Последнее определение настоящности книги весьма позабавило Джинна. Но попробуй поспорь с неопубликованным писателем.

— Про что? — спросил он.

— Короче, есть такой издатель — Захаров. Он раньше с Вагриусами мутил, а теперь сам по себе. Довольно известный. Б. Акунина знаешь?

— Нет.

— А исторические детективы про Фандорина?

— Конечно, знаю!

— Вот все вы так, — обиделся писатель. — Даже авторов не запоминаете, не то что издателей. Акунин, между прочим, — это псевдоним. А Захаров — нет. Я с ним по бизнесу пересекался. Я же типа в прошлом бизнесмен. Неудачник. Но не будешь же всем так представляться — это больно и вредно. Меня гаишники останавливают и сразу вопрос: а вы где работаете? И что мне говорить? Раньше, в перерывах между службами, говорил, что я общественный деятель.

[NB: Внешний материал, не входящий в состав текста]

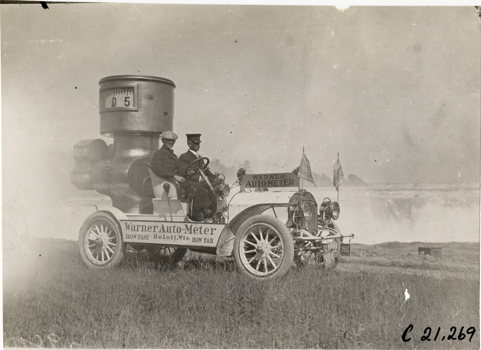 View of driver and passenger in the Warner Auto-Meter car during the 1908 Glidden Tour. Car body is shaped like an Auto-Meter; signs displayed on car read: "Warner Auto-Meter" and "Warner Auto-Meter, Beloit, Wis., how fast, how far." Handwritten on back: "Tours--Glidden Tour, 1908."

Но я тогда почти ничего не писал. Писатель — это такой социальный статус. Раз я все равно что-то теперь пишу. И потом, я в детстве собирался стать писателем, хотя потом как-то от этого отвлекся. Было время. Камни собирал и разбрасывал. Однажды в шестом классе даже поспорил с одноклассником, Сашей Цехановичем, что никогда не напишу книгу про БАМ. А он говорил: будешь писателем — никуда не денешься, не про БАМ, так про какой-нибудь другой социализм. Поспорили на сто рублей — большие деньги по тем временам, особенно для детей. Договорились, что если я все же напишу что-нибудь в этом роде — пошлю ему экземпляр со вложенной купюрой. Вот теперь мучаюсь: напишу эту заказную книжку, куда деньги-то посылать, если посылать? В прошлое? И сколько, с учетом инфляции?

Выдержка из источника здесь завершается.